Development of Decision Support Systems with Artificial Intelligence-Based Synthetic Patient Modeling
Chapter from the book:
İncetaş,
M.
O.
(ed.)
2026.
Recent Research in Computer Science and Engineering.
Synopsis
Artificial intelligence solutions are used to develop decision support systems in the healthcare field. The developed approaches allow for the creation of artificial patient groups that reflect the fundamental characteristics of the data.

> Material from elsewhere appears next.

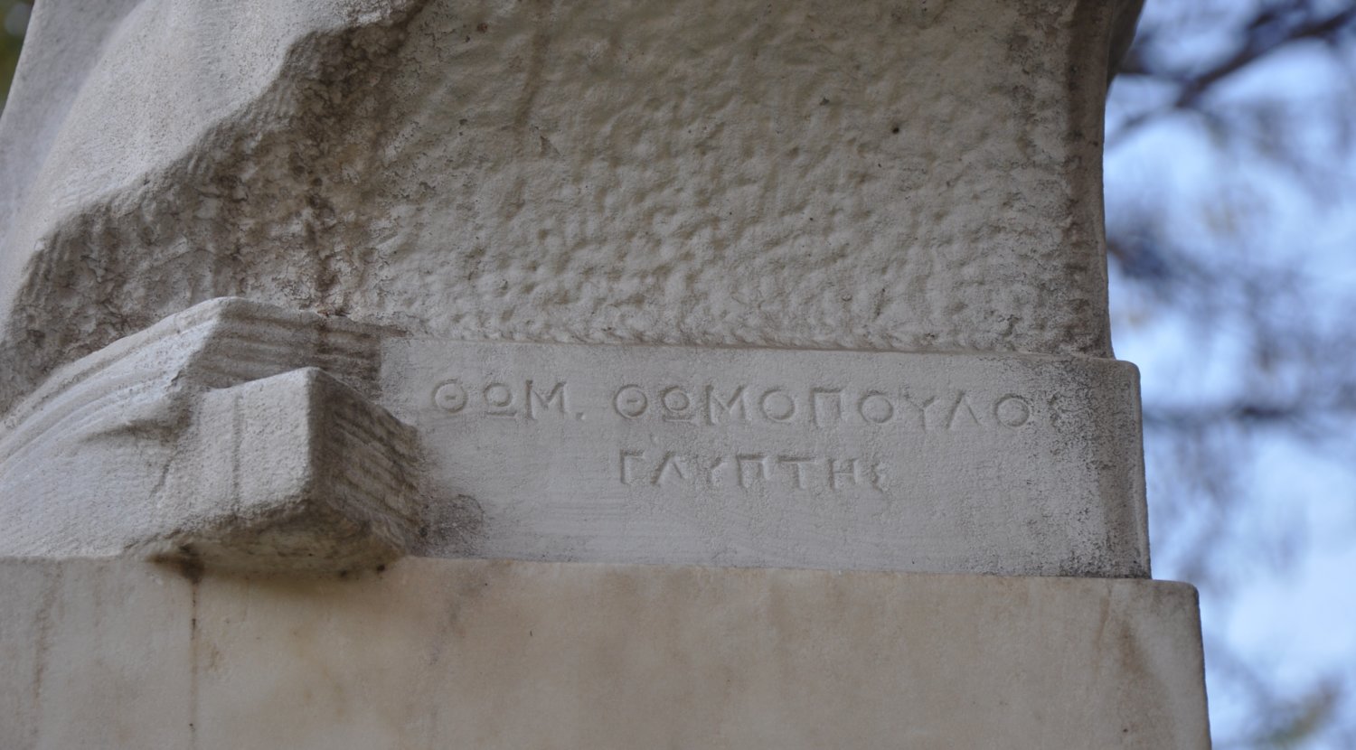 Ο γλύπτης, ζωγράφος και Καθηγητής της Ανωτάτης Σχολής Καλών Τεχνών, Θωμάς Θωμόπουλος (Σμύρνη 1873-Αθήνα 2/9/1937), κυπριακής καταγωγής, ήρθε από τη Σμύρνη στην Αθήνα το 1877. Σπούδασε στο Σχολείο των Τεχνών με δάσκαλο τον Γεώργιο Βρούτο στη γλυπτική και τον Νικηφόρο Λύτρα στη ζωγραφική. Το 1897 τού απονεμήθηκε το Θωμαΐδειο και το Χρυσοβέργειο βραβείο.

Synthetic patient models enable the generation of artificial datasets by mimicking the statistical and clinical characteristics of real patient data. The resulting synthetic datasets offer a significant alternative, especially in situations where accessing large-scale medical datasets is difficult due to restrictions related to patient confidentiality or limitations in data access. Such datasets allow researchers to examine different patient scenarios, simulate treatment processes, and develop AI-based predictive models. Thus, synthetic patient modeling approaches provide a valuable research infrastructure for the development of clinical decision support systems and the investigation of personalized treatment strategies. This study provides an overview of AI-based synthetic patient generation and its potential applications in clinical decision support systems. The study discusses the fundamental components of synthetic patient modeling, including data integration, treatment simulation, dose optimization, and predictive modeling approaches. In addition, the role of advanced machine learning techniques, particularly graph-based deep learning models, in modeling large-scale clinical data and predicting patient-specific treatment outcomes is examined. It highlights how hybrid modeling strategies, combining computational patient simulations with AI algorithms, can support the development of personalized treatment strategies. By integrating simulation-based patient modeling with modern machine learning approaches, it becomes possible to analyze complex treatment dynamics and generate preliminary information that can assist healthcare professionals in clinical decision-making processes. Overall, AI-powered synthetic patient modeling represents a promising research direction for improving data-driven decision support systems and advancing personalized medicine.